How Does the Regime Stand in Aleppo and Homs?
by Karen Leigh
Read this article at Syria Deeply.
The Institute for the Study of War (ISW) has released a report on the regime’s campaign in Aleppo and Homs cities in 2013 and the military situation on the ground in each situation going into 2014.
It asserts that in spring 2013, “the regime lacked the necessary manpower to conduct simultaneous operations on multiple fronts against rebel groups that were quickly making gains throughout the north, south and Damascus countryside. The Syrian Arab Army (SAA) had sustained more losses than it could replenish. It relied on air assets to resupply besieged troops in its Aleppo and Idlib outposts because it lacked overland logistical lines connecting those outposts.”
ISW’s Isabel Nassief, the paper’s author, explains why Assad is confident in the new year, but won’t be able to pull off a “decisive victory” over rebel fighters.
Syria Deeply: What is the current outlook for the regime?

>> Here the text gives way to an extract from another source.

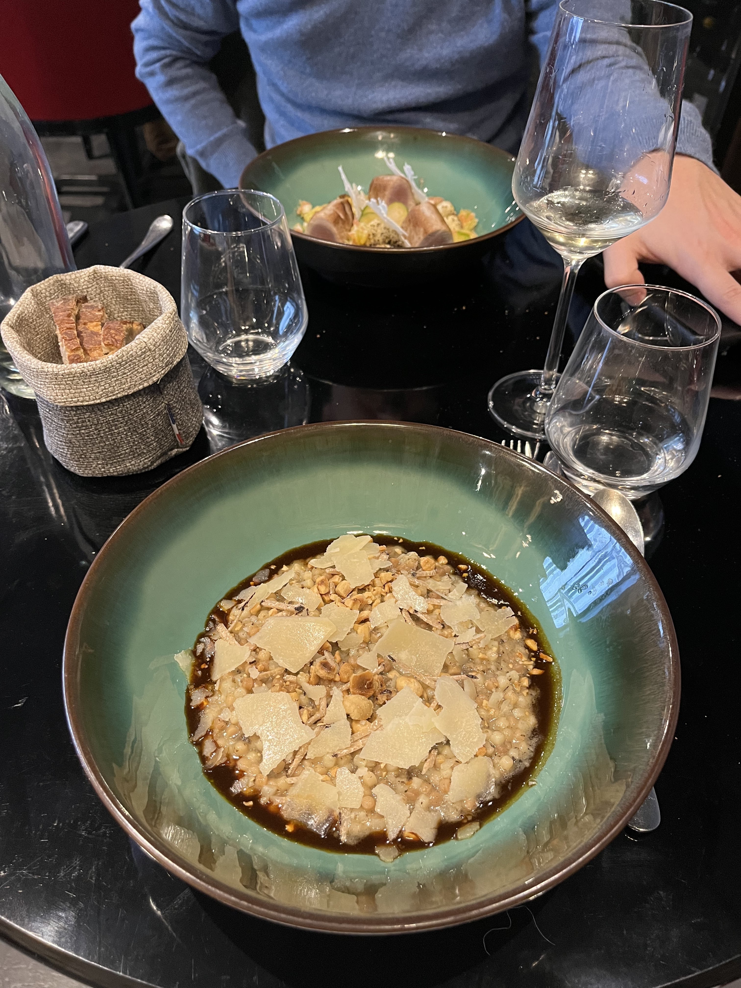 Nous étions dans un hôtel à environ un pâté de maisons et avons demandé une recommandation au personnel pour quelque chose à proximité, nous ne nous attendions donc pas à grand-chose. Nous avons opté pour le menu dégustation et les accords mets et vins et avons été époustouflés par la perfection de chaque plat. Le personnel était très arrangeant, échangeant un plat de poisson contre des pâtes aux truffes noires et aux noisettes car l'un de nous n'aime pas les fruits de mer. Nous avons tous décidé que le plat de pâtes était l’un des meilleurs de la soirée. Le dessert voulait quelque chose que j’aurais choisi moi-même, mais c’était la fin parfaite de notre repas. Je recommanderais certainement ce restaurant à tous ceux qui recherchent une expérience formidable.

Isabel Nassief: The regime is stronger in January 2014 than it was last year. Going into the 2013 year, the regime had significant challenges, one of which centered on an issue of manpower. Due to defections, deaths and general attrition, it had lost a lot of troops. The regime was also faced with an insurgency that was fighting an unconventional war, and it didn’t have the capacity to meet that challenge because the Syrian Arab Army had been trained as a conventional fighting force. Over the course of 2013 there was increasing support for the regime from Hezbollah, Iran and Iraqi Shia militias, and Russia that has boosted their manpower and helped them fight this unconventional war.
SD: Why did you decide to explore the situations in these two cities?

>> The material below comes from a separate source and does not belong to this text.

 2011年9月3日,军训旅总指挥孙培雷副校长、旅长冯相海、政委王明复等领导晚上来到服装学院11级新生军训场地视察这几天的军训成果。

IN: Homs is the lynchpin of the regime’s supply routes between Damascus and the coast. Homs also contains the regime’s primary supply lines between Damascus and Aleppo which is significant. Aleppo is interesting because there have been a lot of reports that the regime would retract to a rump Alawi state in Latakia and Tartous. What happened in 2013 is that the regime repeatedly ventured up towards Aleppo and does not intend to give it up. It’s important because it says that the regime’s end goals still involve some degree of territorial integrity.
Homs’s proximity to Lebanon makes it a more viable battlefield, with Hezbollah’s participation, and the extent of Hezbollah’s command and control of operations in Homs is far greater than that it is in Aleppo.